Добавить в цитаты Настройки чтения

Страница 9 из 10



– Человек не совершенен, босс, что же мы можем поделать, – встретил его красноречивый взгляд Грег и развёл руками.

– Развитие и совершенствование человеческого общества один из расхожих мифов, – вставил Мориц.

– Зачем же так мрачно, Фоззи? Мы прозвали Аллана Мрачным Малым, а ведь тебе бы это подошло куда больше, – хмыкнула Моника.

– Всё очень просто доказывается: к чему привёл в прошлом веке длительный процесс, упорно называемый почему-то «человеческий прогресс»? К двум сокрушительным невиданным ранее войнам и жутким внутренним потрясениям – революциям. Что после этого говорить? Не лучше ли было сейчас сидеть без электричества и компьютера, но не иметь и запасов чудовищного оружия?

– Это уж ты сам сиди без них, – скривила губы Моника.

– Подмыться трудно без электронасоса будет – да, Моника? – грубо заржал Сидни, – Вы-то, немцы, и развязали те две войны, не так? А мы, маори, знали лишь холодное оружие, так-то тебе, Аллан, обвинитель каннибализма.

– В данном случае речь не о том, кто развязал…

– Вы забываете, леди и джентльмены, упомянуть геноциды прошлого века: сначала – армянский, потом – еврейский, – вставил устало-поучающим тоном Майк, – Избиение мирного населения нельзя сравнивать с нападением на государство с его армией. Геноцид – самое чудовищное преступление прошлого века!

– А если копнуть ещё глубже, то геноцид евреев окажется несомненно хуже, чем армян, – рассмеялся Аллан, – Ты не обижайся, Майк, я шучу.

– Колоссальный технический прогресс поставил на грань катастрофы само существование природы и человечества, – ляпнул Мило и почувствовал, что преподнёс сказанное слишком тривиально – никто и не отозвался.

– Кто сможет доказать мне, что живущие в нынешнюю, «более прогрессивную» эпоху, счастливее, совершеннее, чем люди предшествующих эпох? – спросил Фоззи.

– Ну, положим, тут ты перегибаешь, милейший Фоззи, – отозвалась Моника, – Взять нынешнего исламского фундаменталиста – человека явно из прошлого и, обременённого устаревшими понятиями, и человека будущего, ну хотя бы виновника нынешнего торжества? Кто совершеннее и кто живёт более полноценной счастливой жизнью?

– Ты несколько поверхностна и наивна в своих суждениях, Моника, уж прости меня за такое замечание.

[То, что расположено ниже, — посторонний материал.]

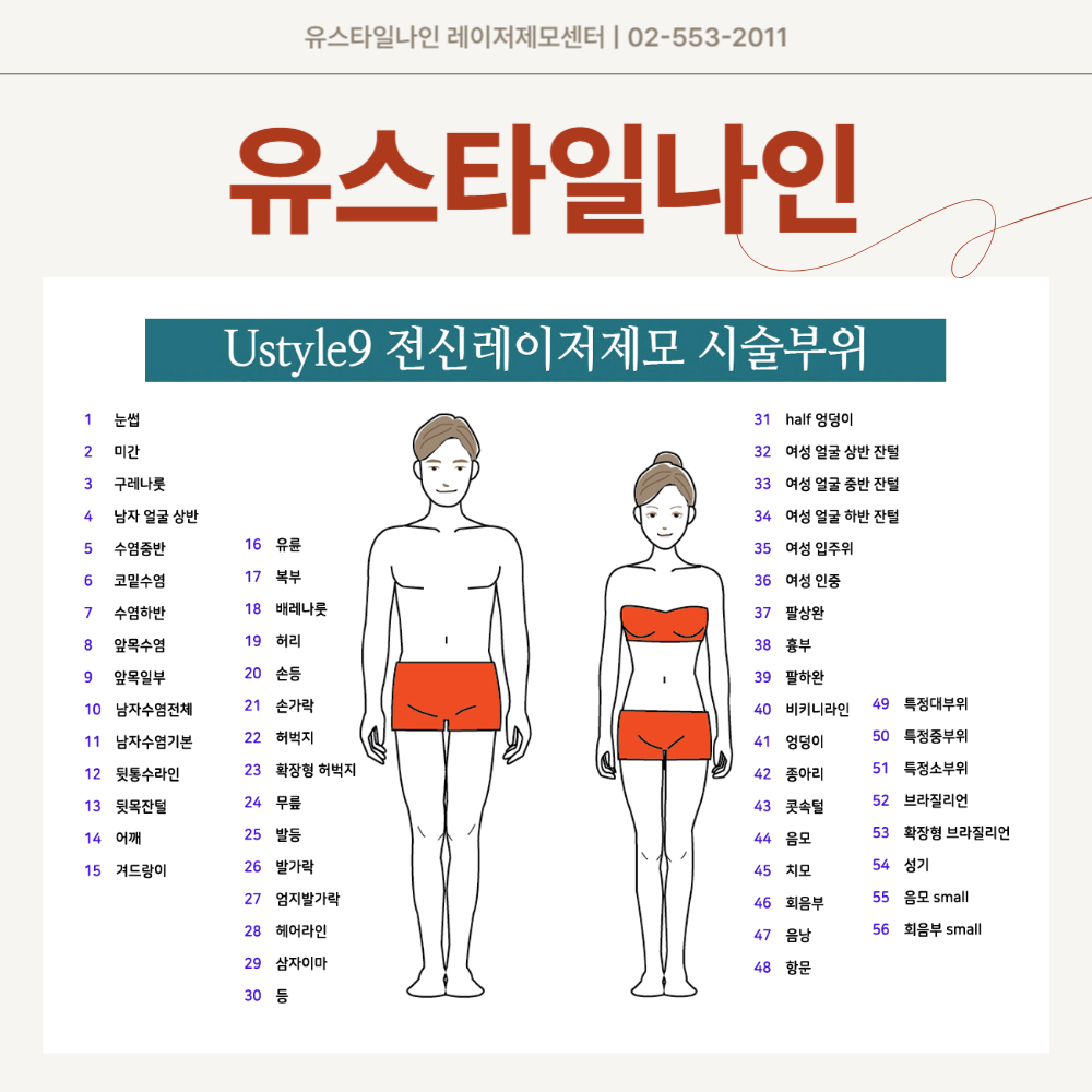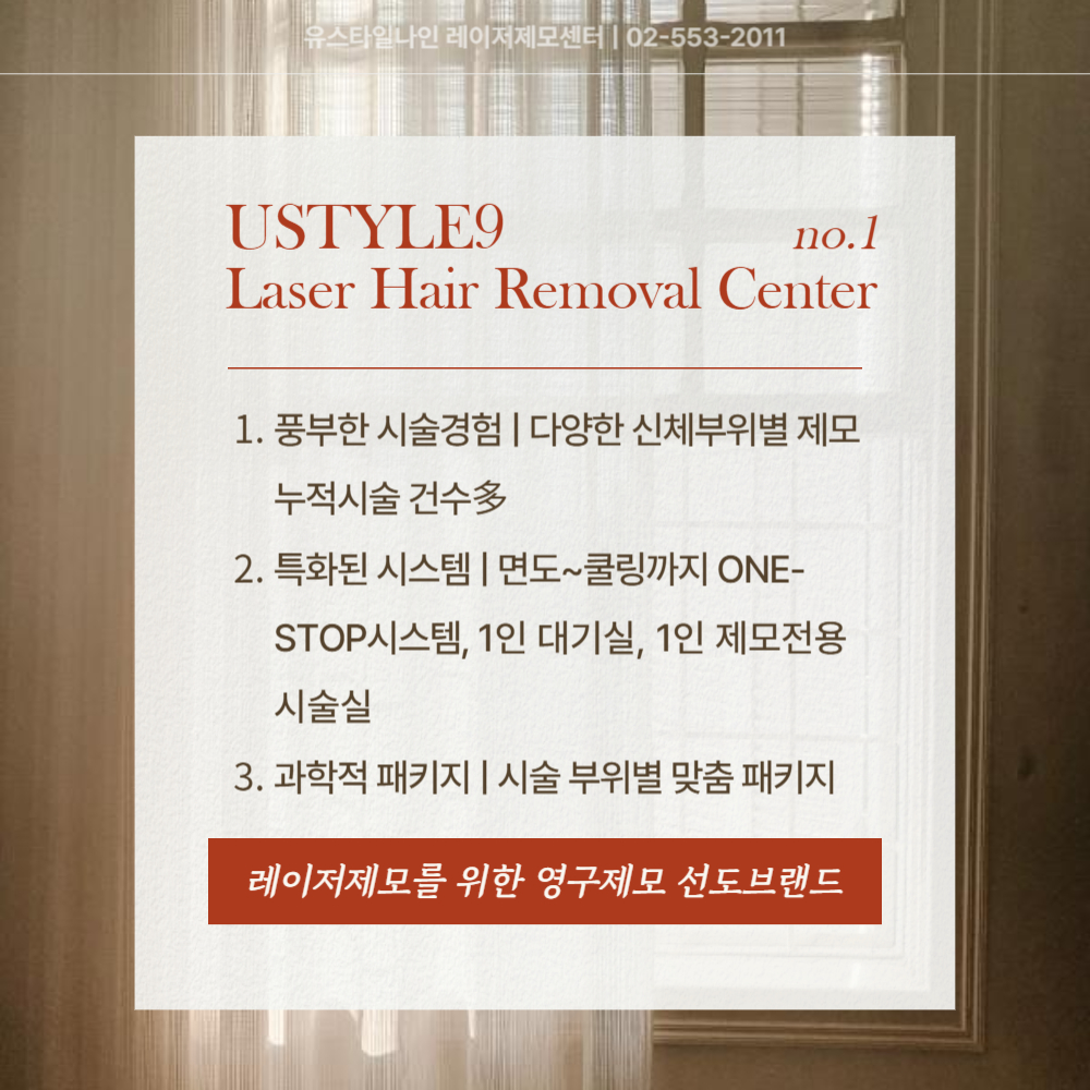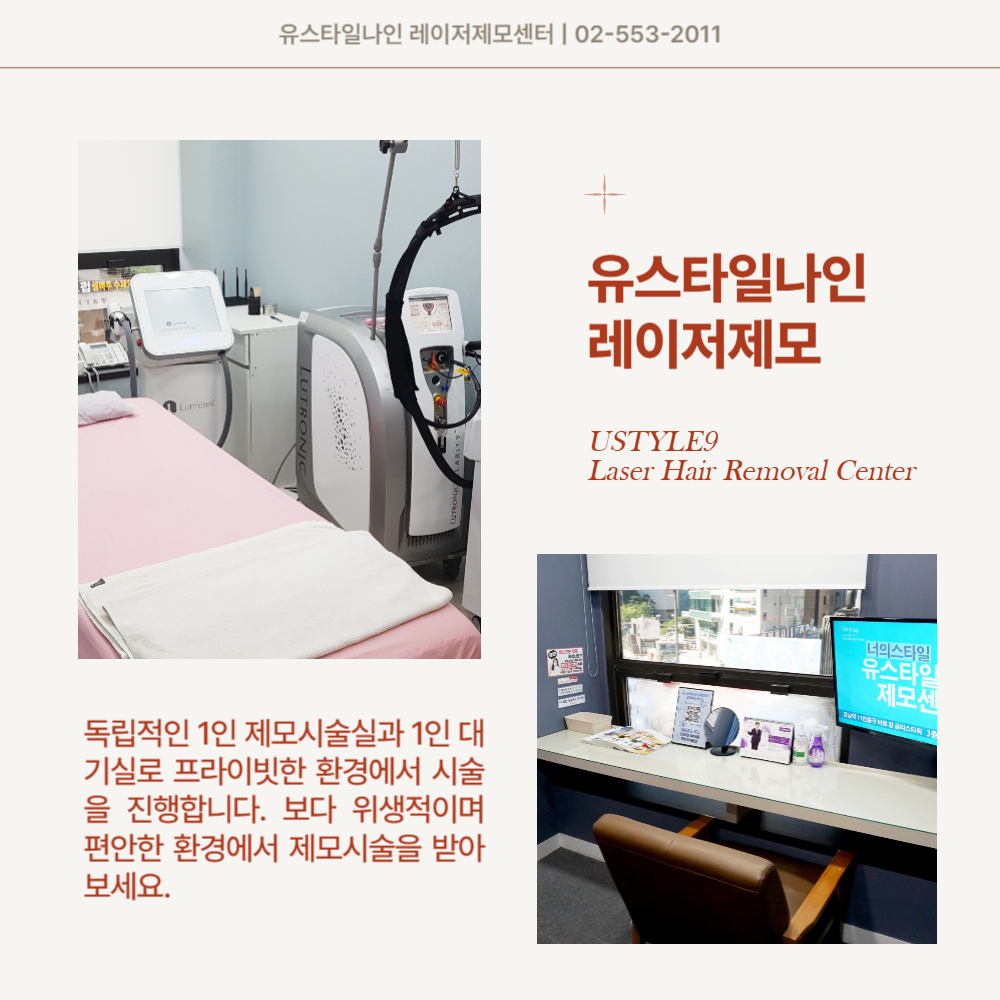 레이저제모를 하는곳은 많지만 레이저제모만을 하는곳은 그렇지 않습니다. 레이저제모만을 전문적으로 하는곳이라면 제모에대한 걱정없이 내원만하면 시술전 면도에서부터 개인의 피부와 털상태를 고려한 맞춤형제모가 프라이빗한 1인실에서 이루어집니다. 시술전 갈아입을 옷부터 시술후케어까지 제모의 시작과끝을 함께할수있는곳 유스타일나인의 전문성있는 레이저제모를 뒷목제모를 시작해보시기 바랍니다.

– Не будем продолжать, чтобы не довести до раздора, леди и джентльмены, – сказал Арчи.

– Даже система наших выборов правителей путем голосования абсурдна в корне, – не унимался Фоззи, – Как может юнец в восемнадцать лет иметь равный голос с разобравшимся в жизни и политике человеком средних лет?

– Тем паче – Фоззи Морицем, – заржал Сидни.

– Да будет вам тут «пересыпать персики каперсами» подобно Джеймсу Джойсу, – выразительно сказал профессор, – Довольно. В конце концов, это мой день и я не хочу больше слушать разговоры на грани перебранки.

– Хорошо, босс, – улыбнулся Мориц.



– Когда юного Монтеня спросили, к какого рода деятельности он считает себя наиболее пригодным, он ответил: «Ни к какой. И я даже рад, что не умею делать ничего, что могло бы превратить меня в раба другого человека». Позже философ сказал, что ценность души определяется не способностью высоко возноситься, а способностью быть всегда упорядоченной. «Её величие раскрывается не в великом, но в повседневном».

Отличительным признаком мудрости философ назвал неизменно радостное восприятие жизни: «Кто ты?– Человек.– Откуда? –из Вселенной». Каково? А сказано-то было в шестнадцатом веке! – назидательно произнёс Арчибальд.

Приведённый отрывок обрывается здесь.